Le blé, porté comme le maïs au moulin, procurait la farine nécessaire au ménage. Tous les huit à douze jours, le pain était cuit dans le four familial. Chaque ferme disposait d’un tel bâtiment, qui comprenait généralement non seulement l’espace de cuisson où étaient disposés le four à pain proprement dit et la chaudière à cochon mais également, à l’arrière, les loges à cochon, le poulailler et parfois une remise pour les cages à lapin et les instruments de la ferme. Les restes de pâte à pain, bonifiés d’oeufs et de beurre, servaient à la fabrication de tartes, garnies des ingrédients de la ferme : courges, fromage blanc* (de vache ou de chèvre), oeufs, paria*, pourri*, fromage fort*, bouillie blanche*, pommes, prunes, mais aussi tout simplement de beurre ou de crème fraîche. Les informateurs soulignent la concordance des appareils121 avec la saison et les produits à disposition : « ‘on mettait de la crème ou des pommes... tout dépend de la période’ ».

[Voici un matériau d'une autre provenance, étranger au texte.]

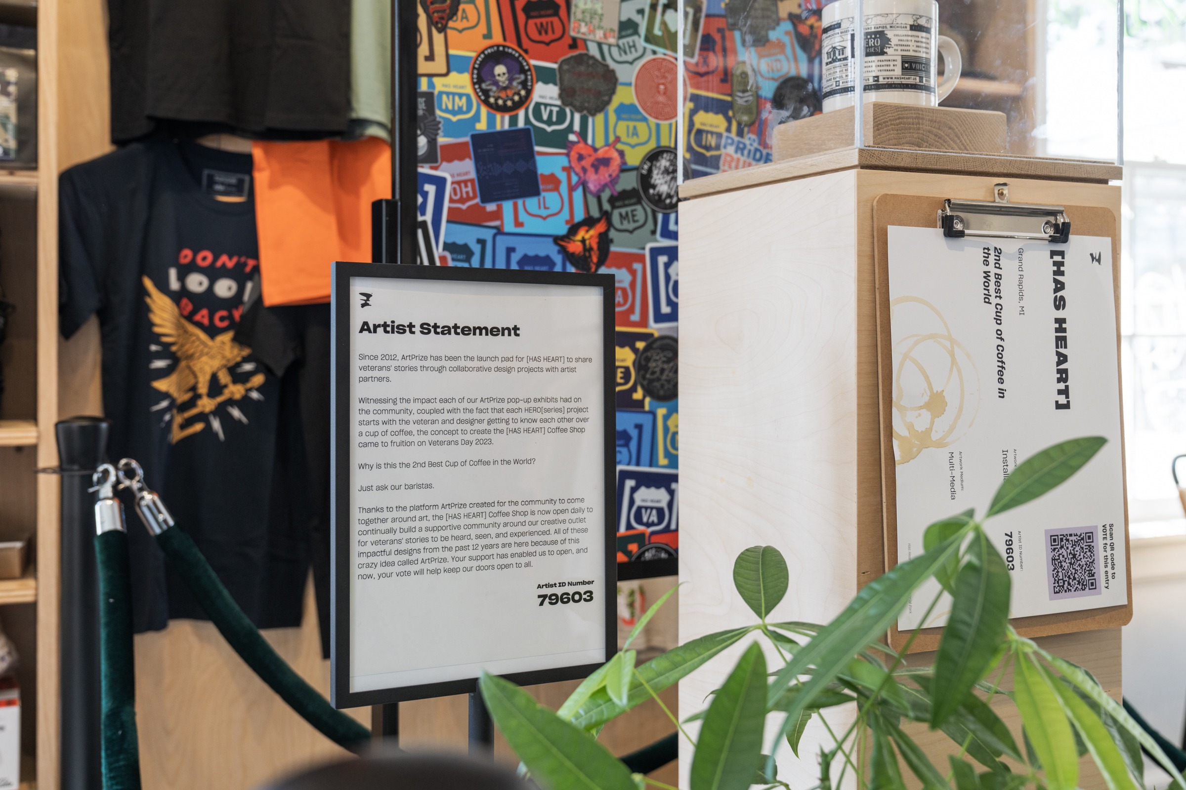 Witnessing the impact each of our ArtPrize pop-up exhibits had on the community, coupled with the fact that each HERO[series] project starts with the veteran and designer getting to know each other over a cup of coffee, the concept to create the [HAS HEART] Coffee Shop came to fruition on Veterans Day 2023.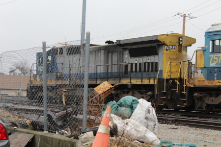 On Friday I was able to find AYPO at Lawrence, MA at 07:37 with MEC 7622, 7575, & 7727 doing switching. While I was there MBTA trains 208 & an unscheduled equipment move for 290 from Reading went by. I then went and found POAY at Chelmsford, MA with MEC 7585, 7635, & 7595 and followed them to Granitville, MA. However, I was not able to get ahead enough for a good picture.

Les légumes et les fruits de consommation domestique étaient produits sur l’exploitation, dans les champs ou les jardins potagers. Tous les domaines transformaient leur eau-de-vie et beaucoup produisaient également du vin de médiocre qualité.

En somme, l’organisation des exploitations prenait en Bresse la forme d’un « système » agricole cohérent, au sens d’une structure organique dont les éléments sont intimement solidaires et interdépendants et qui semble se suffire à elle-même. La complémentarité entre les productions animales, les productions végétales et les besoins humains était particulièrement forte. La majorité des produits trouvait un débouché au sein de la ferme selon une logique d’auto-consommation, tandis que chaque bien nécessaire était obtenu selon une logique d’auto-production, formant ainsi un système relativement fermé.

Notes
113.

Jean-Pierre Gay, 1984, p.210.

114.

Terme botanique désignant un « ensemble de plantes cultivées qui peut être clairement défini par des caractères morphologiques, physiologiques, cytologiques, chimiques ou autres et qui, après multiplication sexuée ou asexuée, garde ses caractères distinctifs » (Dictionnaire d’agriculture, 1999).

115.

« Maïs amélioré », 1864, p.87-89.

116.

Les feuilles servaient également à la confection de paillasses et de matelas.

117.

Les termes locaux sont signalés en italique uniquement à la première occurrence.

118.

Il s’agit de Rumex patientia Linné, de la famille des polygonacées (Philippe Marchenay, communication personnelle).

119.

Patricia Pellegrini, 1991, p.17.

120.

Philippe Marchenay remarque que l’on retrouve dans le sud/ouest de la France cette culture associée du maïs et des haricots, association qui suppose une maîtrise parfaite des croissances (communication personnelle).

121.

Terme technique de pâtisserie désignant la garniture d’une tarte.